The study examined the performance of the Safira Gold Mansion two-story Appenzelle housing project using Earned Value Management (EVM), an analytical approach that evaluates project progress by combining cost performance and schedule performance into one framework. The results suggest that construction projects may appear financially controlled on paper while experiencing hidden inefficiencies during implementation.
The findings are relevant for housing developers, project managers, and policymakers as residential construction continues to expand in Indonesia’s urban and suburban areas.
Why Housing Project Performance Matters
Residential construction remains one of the major contributors to economic activity and urban growth in Indonesia. Medium-scale housing developments increasingly adopt phased construction systems, where homes are built after sales are secured rather than simultaneously.
While this model reduces upfront investment pressure, it introduces new management challenges. Construction progress becomes uneven between units, material delivery schedules become harder to coordinate, and labor utilization becomes less predictable.
The project analyzed in this study reflected these conditions.
According to project records reviewed by the researchers, the development experienced delays linked to material availability, labor constraints, interruptions during finishing work, and reduced effective working days. These operational conditions created differences between planned progress and actual implementation.
By week 43 of construction, cumulative project progress had reached only 33.72 percent, while the original target had been 57.10 percent. That created a schedule deviation of 23.38 percentage points.
Turning Construction Data Into Project Performance Insights
To understand the scale of the problem, the research team analyzed project documents rather than conducting surveys or experiments.
The study used a quantitative evaluation design based on secondary project data, including:
- Planned and actual S-curves
- Project scheduling records
- Budget planning documents
- Actual cost realization reports
- Weekly progress monitoring reports
The researchers then applied Earned Value Management to compare planned work, completed work, and actual spending over time.

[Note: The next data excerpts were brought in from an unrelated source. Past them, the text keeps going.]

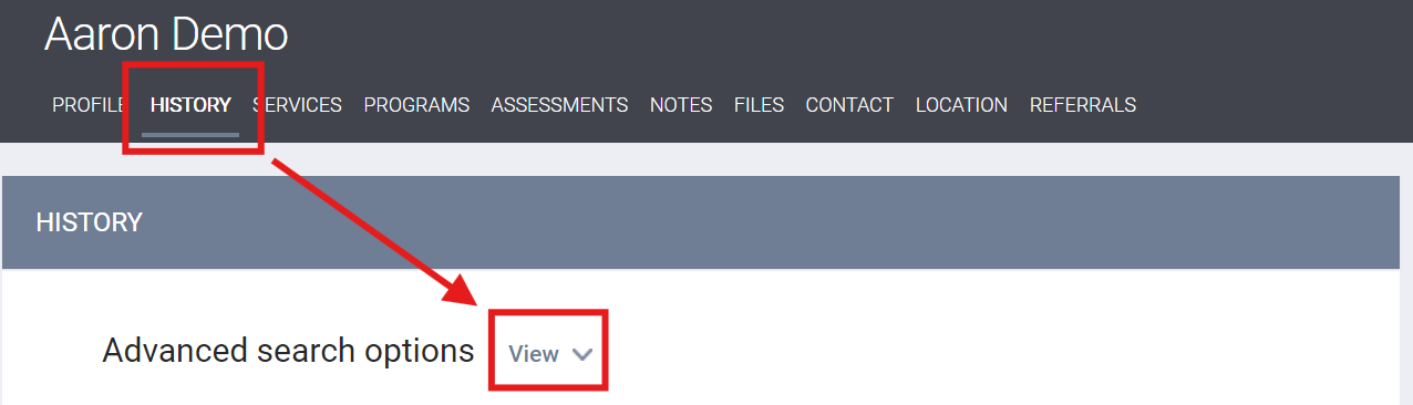 The client-level HISTORY tab provides information on a client's service items, program enrollments, referrals, reservations, assessments, and CE events recorded in Clarity from any agency the client has documented activity with.
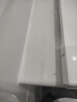 Hinter der WC Brille.Schmutz.Wurde in 12 Tagen nie gereinigt.
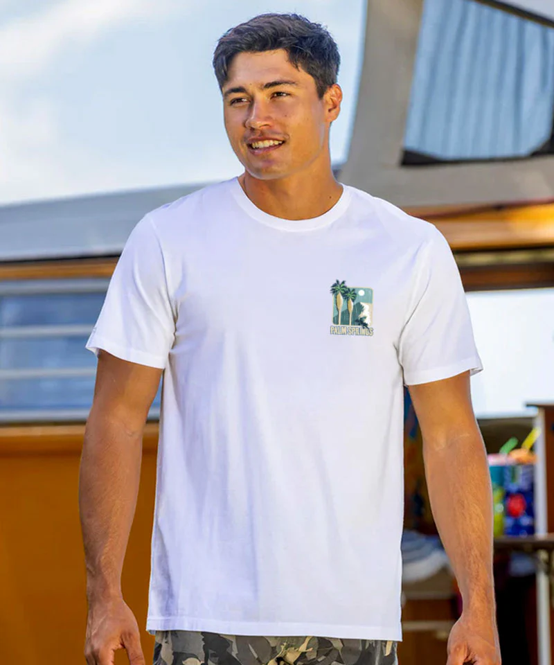 Retro desert vibes meet mid-century cool in this stylized take on Palm Springs. With bold shapes, breezy palms, and that iconic modernist flair, it’s a wearable postcard from California’s sun-soaked oasis. Already made with a luxurious fiber with brilliant luster, our Pima cotton Ts are finished with a special wash for ultimate softness and durability. We only use environmentally friendly water-based inks that penetrate the material's fiber resulting in more vibrant colors, softer feel and artwork that doesn't crack or peel. Plus, it is proudly printed in the United States for quality you can see and designs that stand the test of time.
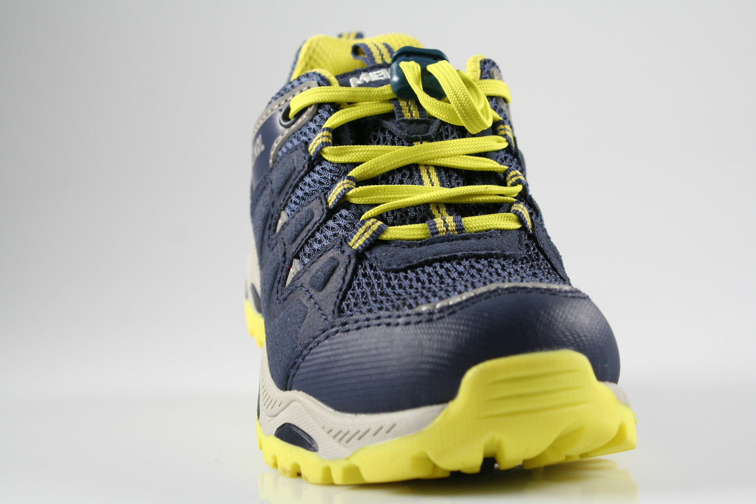 Typ: Halbschuh Outdoor; Farbe: "marine/gelb"; Ausstattung:; - Obermaterial: Leder, Synthetik/Mesh; - atmungsaktives Futter; - herausnehmbares Fußbett; - robuste Laufsohle mit Profil; - gummierte Vorderkappe; - gepolsterter Schaftrand; - Schnürsenkel mit Stopper;
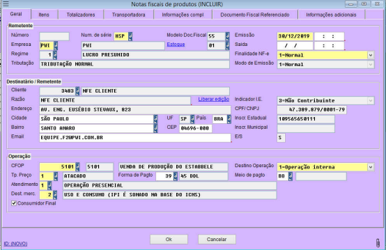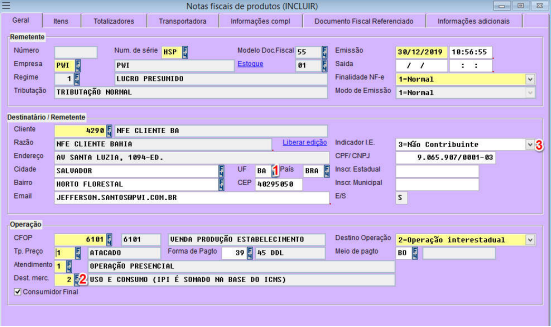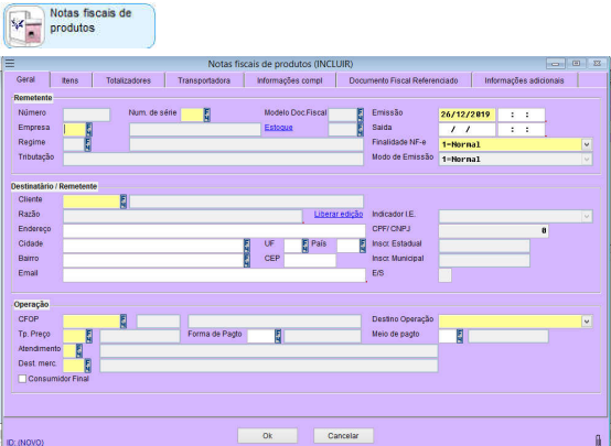 exibirá a tela de Notas Fiscais de Produtos (INCLUIR)
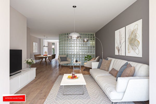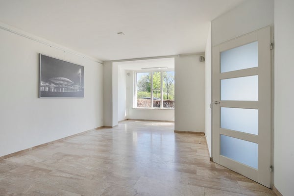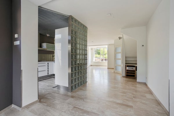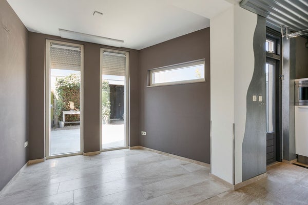 De ruime woonkamer is voorzien van grote raampartijen aan de voorzijde. Aan de achterzijde is een ruime aanbouw gerealiseerd met plafondhoge raampartijen, waardoor de woonkamer geniet van erg veel lichtinval.
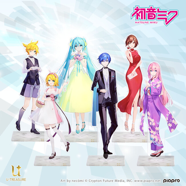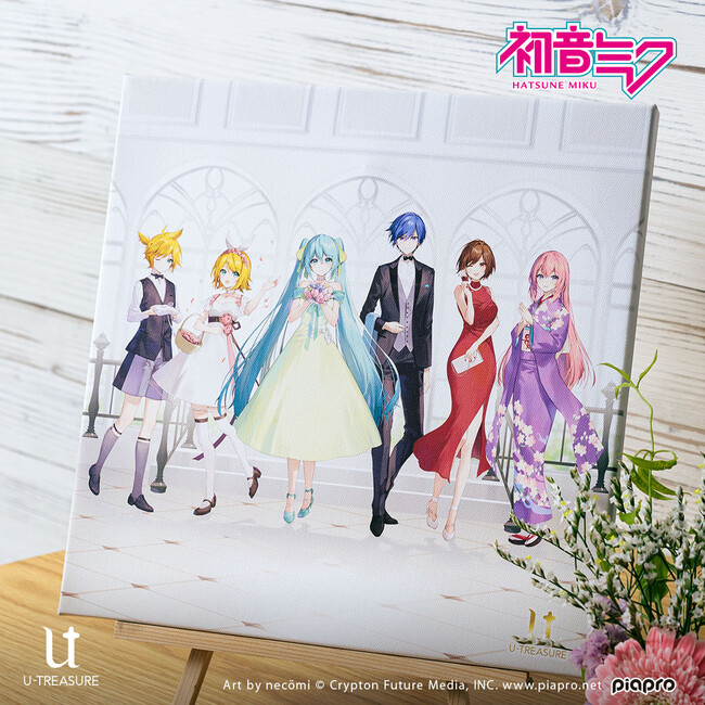 大人のための本格的なキャラクタージュエリーを扱うユートレジャー(東京都豊島区:代表取締役:伊藤 崇史)は、「ピアプロキャラクターズ」の描き下ろしアートを使用したファブリックパネルとアクリルスタンドを、8月31日(水)~9月25日(日)の期間限定で予約受付を行ないます。このたびの新作は、イラストレーター「necömi」による、華麗なドレス姿の初音ミク、鏡音リン、鏡音レン、巡音ルカ、MEIKO、KAITOがデザインされています。お部屋のインテリアとしてはもちろん、ウェルカムボードなどに使用できるファブリックパネル1種類と、初音ミクたちそれぞれの20cm以上あるビッグサイズのアクリルスタンド6種類です。また同期間に、3月に発売したブライダルリング(指輪)3種類の、シルバー素材バージョンの予約受付も行います。ユートレジャーコンセプトストア池袋、ユートレジャーオンラインショップにて取り扱います。
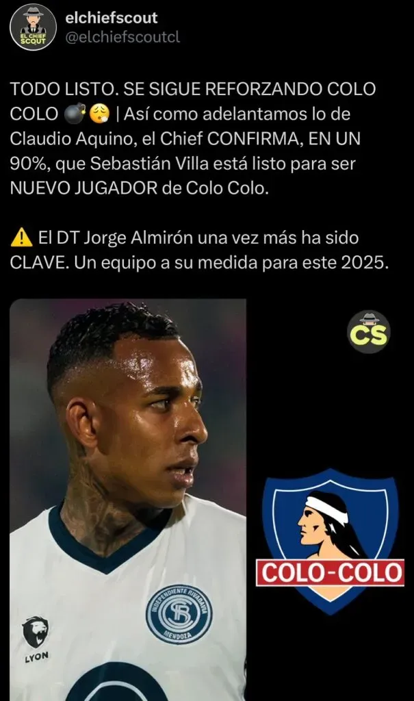 “Todo listo, se sigue reforzando Colo Colo. Así como adelantamos lo de Claudio Aquino, el Chief confirma en un 90% que Sebastián Villa está listo para ser nuevo jugador de Colo Colo. El DT Jorge Almirón una vez más ha sido clave”, señalaron.

Instead of relying on traditional project tracking methods that examine only costs or only schedules, the analysis connected both dimensions simultaneously to estimate overall project health.

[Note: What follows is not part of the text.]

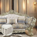 Exclusively designed and filled with romantic spirit, this beautiful sofa features Queen Anne legs and carved aprons and trims, decorated with raised and scrolled floral motifs in a golden ivory finish. Each piece of this sophisticated living room set boasts of curved and rolled arms, oversized molding and crystal-like button tufted backrests with nailhead trim. This three piece collection with contrasting accent pillows will bring sophistication to your living room and will add elegance to any room Decor.

This allowed the team to identify whether spending efficiency matched physical construction progress.
Cost Performance Fell Below Expected Levels
The analysis found that the project’s cost efficiency weakened significantly as implementation progressed.
At week 43, the Cost Performance Index (CPI) reached 0.64.

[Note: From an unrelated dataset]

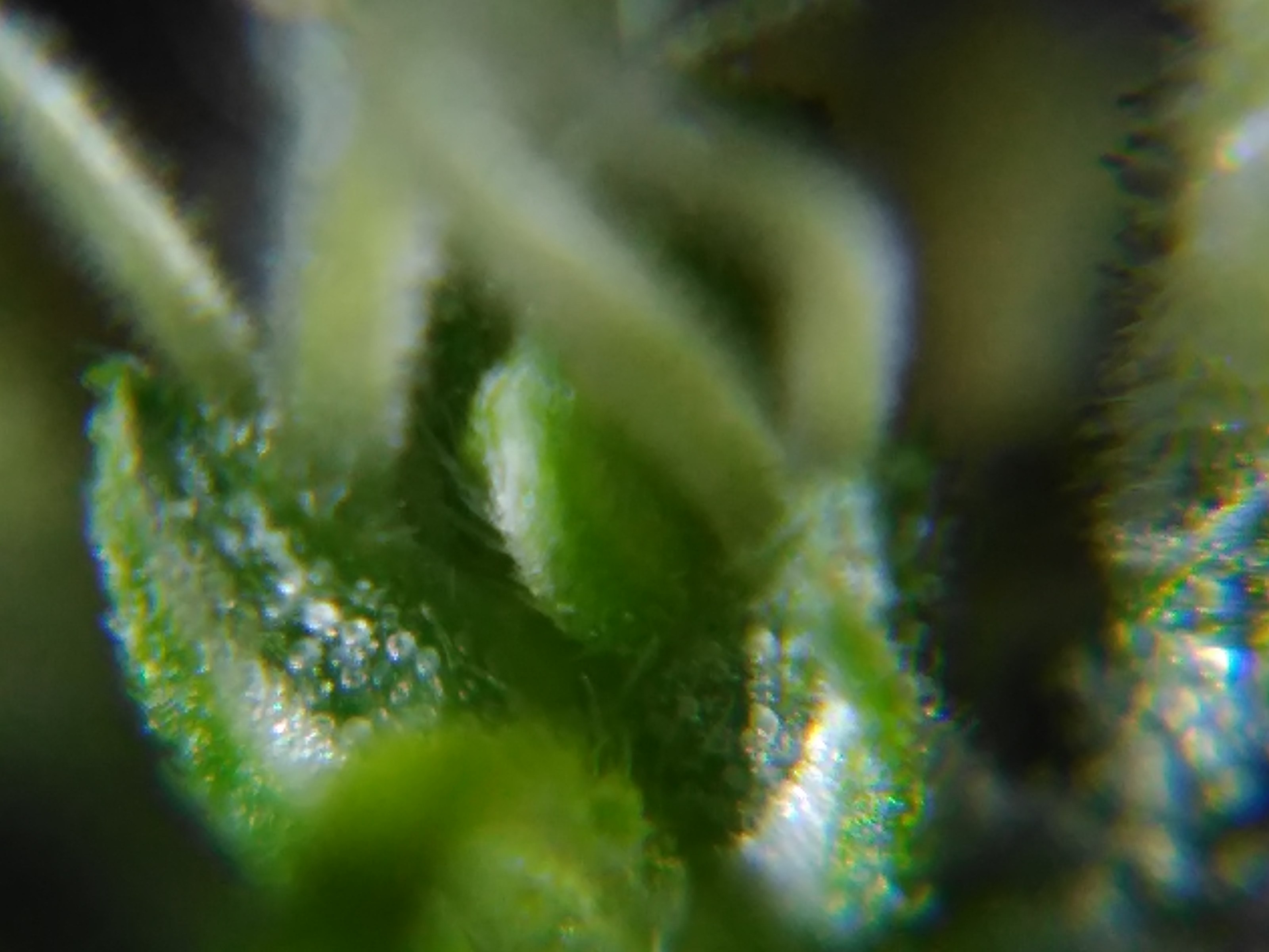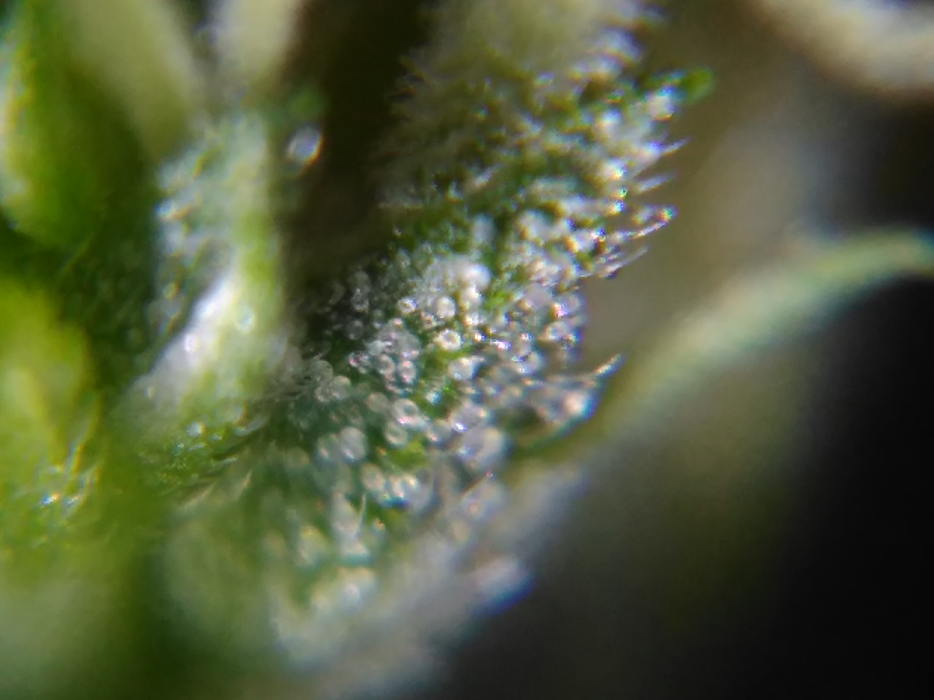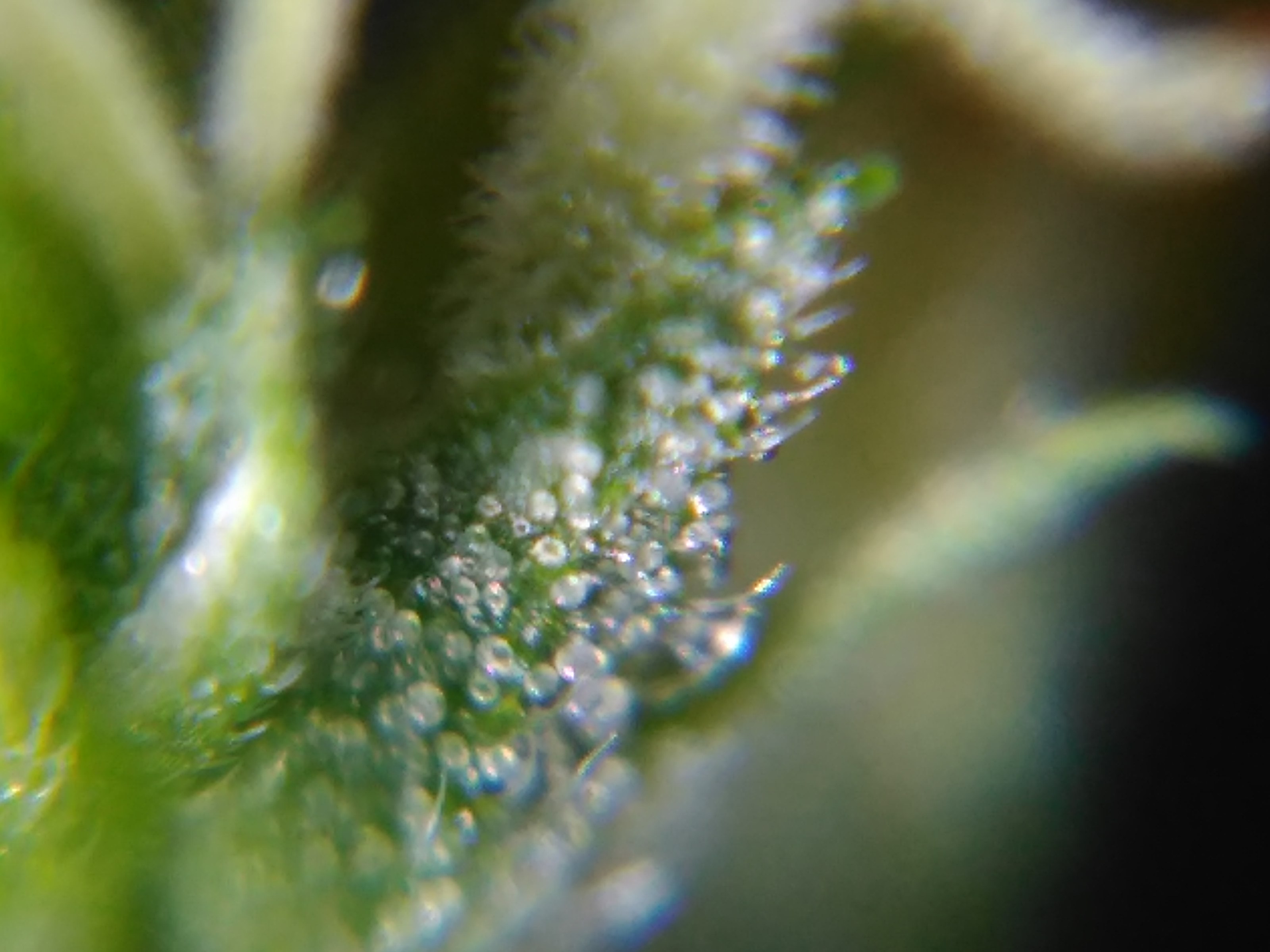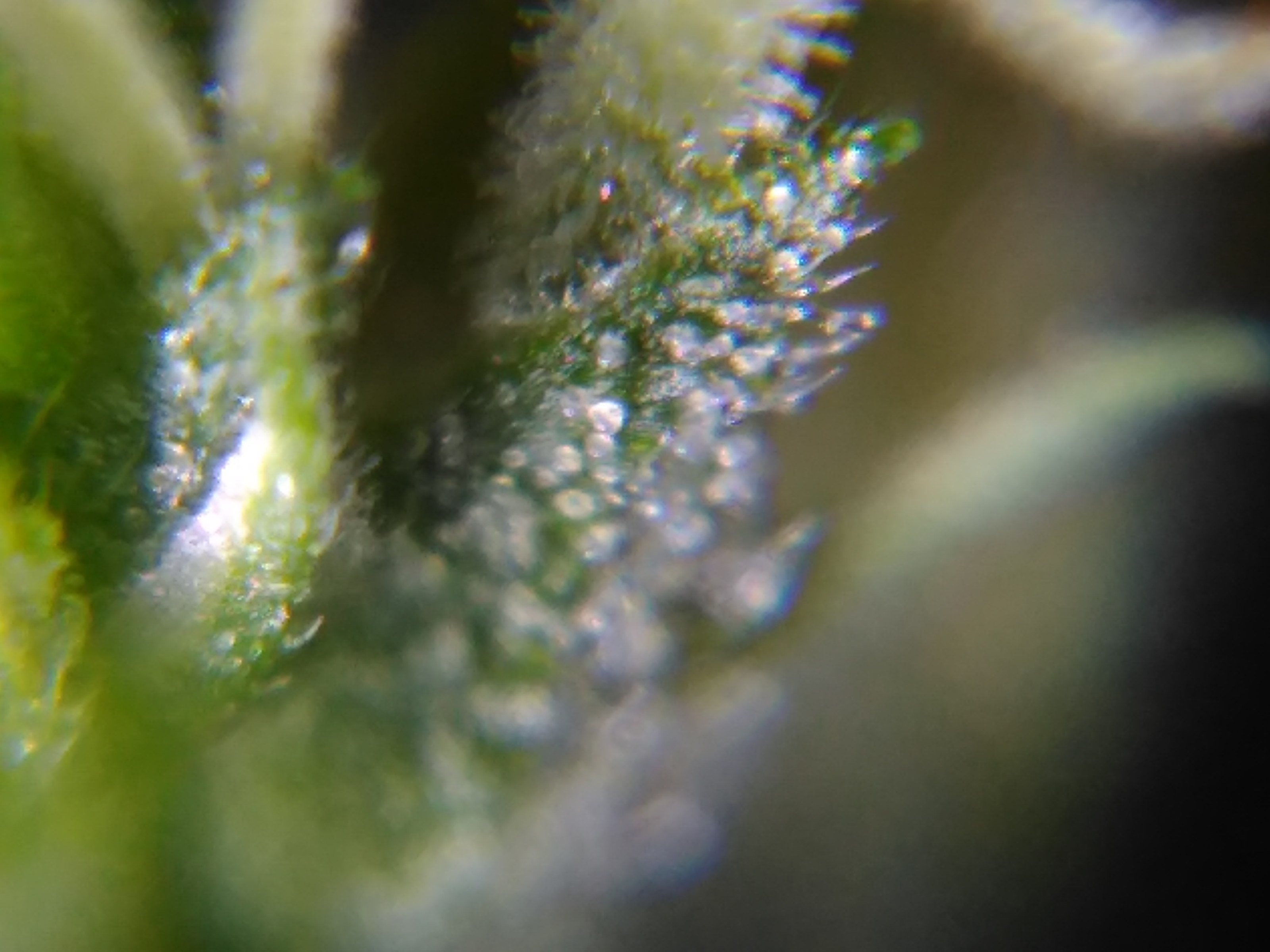 Howdy GreenArmadillo, I use a 20X lens attachment on my iPhone to photograph the tricomes. I do not use the flash (the light reflects back) and try to get some background illumination, so of to see 'through' the tricomes, this makes it easier to see their condition. I have trouble holding steady as well and usually wind up taking several photos before getting one or two usable ones.

In project performance analysis, a CPI value below 1 indicates that the project is spending more money than the value of work being successfully delivered.
The study also reported a negative Cost Variance (CV) of Rp149.53 billion.
That result indicates cost overrun conditions, meaning actual project expenditure exceeded the value generated by completed work.
Additional forecasting using Estimate at Completion (EAC) showed that final project spending was expected to rise beyond the original project budget.
Several factors contributed to this outcome:
- Increased operational expenses caused by schedule delays
- Higher implementation costs during construction stages
- Suboptimal utilization of project resources
- Uneven construction progress across housing units
The project used a phased development model, meaning not all housing units progressed at the same speed. At the observed stage, only part of the planned housing inventory had reached completion.
A Broader Lesson for the Construction Industry
The study highlights an important shift in how project performance should be evaluated.
Construction projects are often judged by visible progress or budget absorption alone. However, the researchers argue that these indicators can overlook hidden inefficiencies that accumulate over time.
Axel Prasetya Adoe and colleagues from Universitas 17 Agustus 1945 Surabaya emphasized that project evaluation should integrate implementation data with cost and schedule indicators to represent actual field conditions more accurately.
Their interpretation suggests that performance measurement becomes more useful when operational realities such as labor delays, vendor issues, and uneven construction sequencing are considered alongside numerical indicators.
For housing developers, the findings suggest stronger coordination between procurement, scheduling, and workforce planning.
For construction managers, integrated monitoring may improve early detection of delays and budget pressure.
For policymakers and infrastructure stakeholders, the study reinforces the importance of data-driven project control systems that support more efficient delivery of housing developments.